An orientation to the labor movement and to the fight to build a Labor Party based on the unions took a back seat. In its place, as I pointed out above, arose a “sectoralist approach” wherein all the various sectors in political motion at the time were seen as present or potential allies of a Black Party—but not the organized working class as such.
The SWP would later criticize its “sectoralist” approach, referring to it as an impressionistic adaptation to the social movements that were active at the time. This was most clearly spelled out in the SWP’s 1975 resolution—but not all the lessons were drawn concerning how this “sectoralism” had detached the struggle for a Black Party from the struggle for a Labor Party.
One example among many to show the effects of this sectoralist approach on the Black Party orientation is contained in the resolution adopted by the SWP in 1967 titled, “The Case for a Black Party.” That resolution states, in part:
“Once an independent Black Party has the power and acquires the skill to seek and make alliances on its own terms, then it will also be possible to create useful alliances with domestic forces. Among these will be the rebel youth, especially among the students; the antiwar movement; the Spanish-speaking people (Puerto Ricans and Mexican-Americans); the American Indians whose plight has been neglected by almost all the forces in the country; poor white workers; and radical opponents of both capitalism and the trade union bureaucracies. … [T]hose who are enemies of the enemies of Black people at home can become partners on certain issues and for certain stretches of the road, whatever their staying power in the long run.”

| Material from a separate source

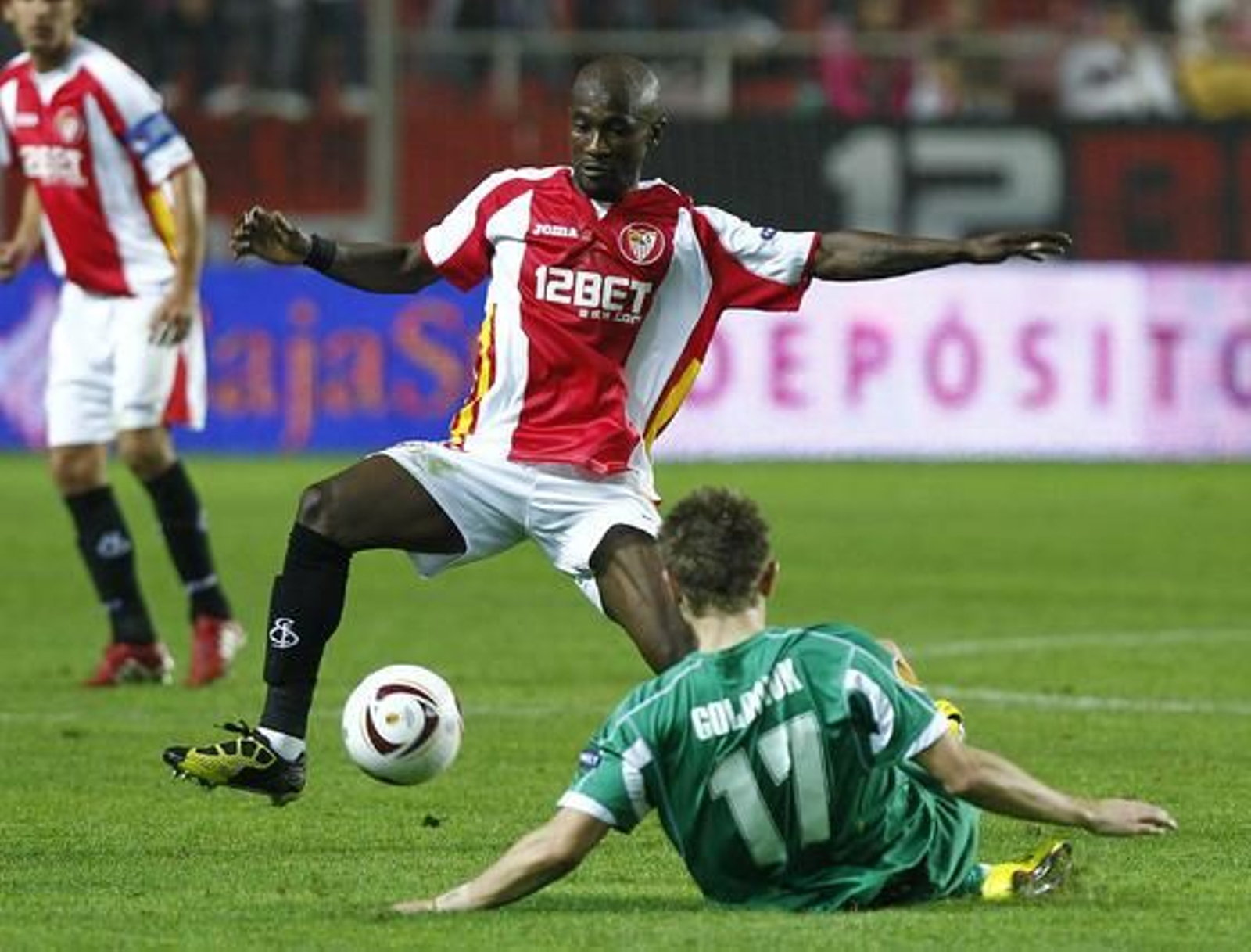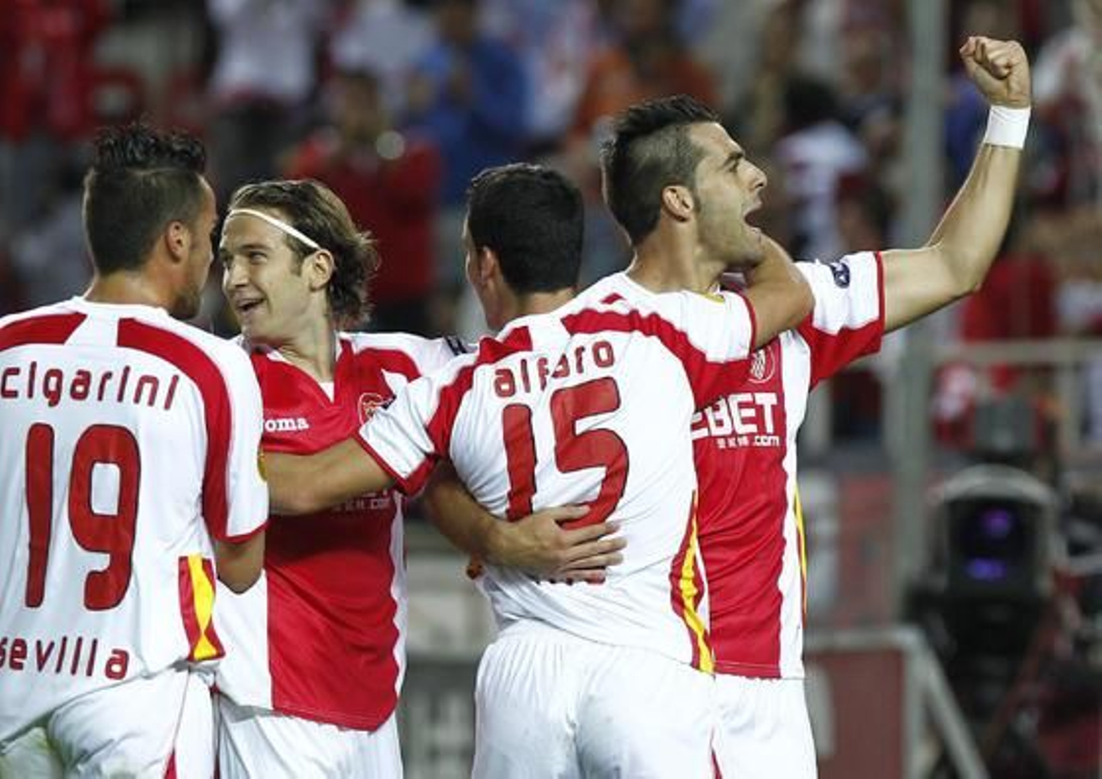 Y se resolvió del todo precisamente cuando se unieron dos constantes de ese arranque, la velocidad y el buen gusto de los sevillistas y las entradas con riesgo de lesión por parte del Karpaty. Con Fernando Navarro en la banda doliéndose de una patada a destiempo de Godwin, Cigarini cogió el balón y lanzó la falta de una manera bastante parecida a como lo suele hacer Cristiano Ronaldo. 2-0 en el marcador, la grada celebrando un tanto que merecía la pena verlo y el guión estaba escrito sólo a falta de rematarlo.
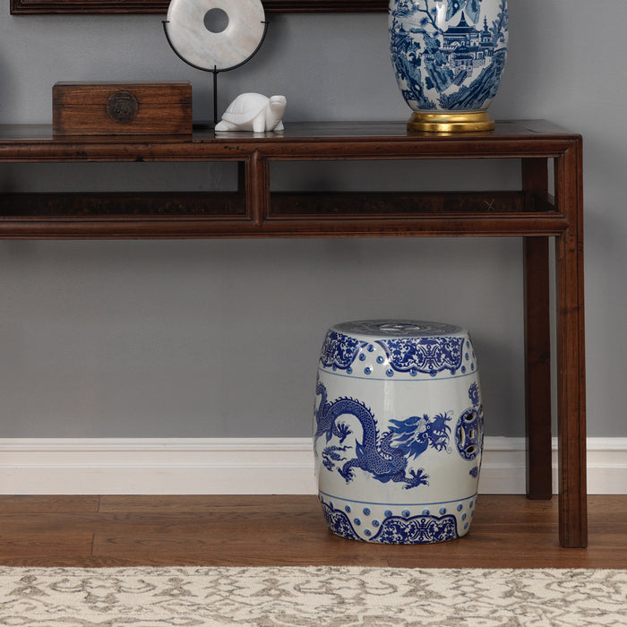These white glazed ceramic stools are reproductions of pieces that were used for indoor and outdoor seating particularly in southern China for centuries. They are not frost resistant, but can be used outdoors during the summer months and make lovely little side tables. The main glazed decoration shows a pair of dragons, while the top is in a floral pattern, with bats and 'fu' characters to symbolise good fortune.

Not only is the working class dropped from the picture in the SWP’s 1967 resolution (poor white workers becoming just another sector along with rebel youth and antiwar activists), the understanding that Black equality cannot be attained without a fusion with the working class is also abandoned. This “sectoralist” approach to the Black Party would guide the SWP’s advocacy of and involvement with Black Party movements from that point on—even though a formal rejection of sectoralism was contained in the SWP’s 1975 resolution. The continuity with the method of the 1963 resolution was broken.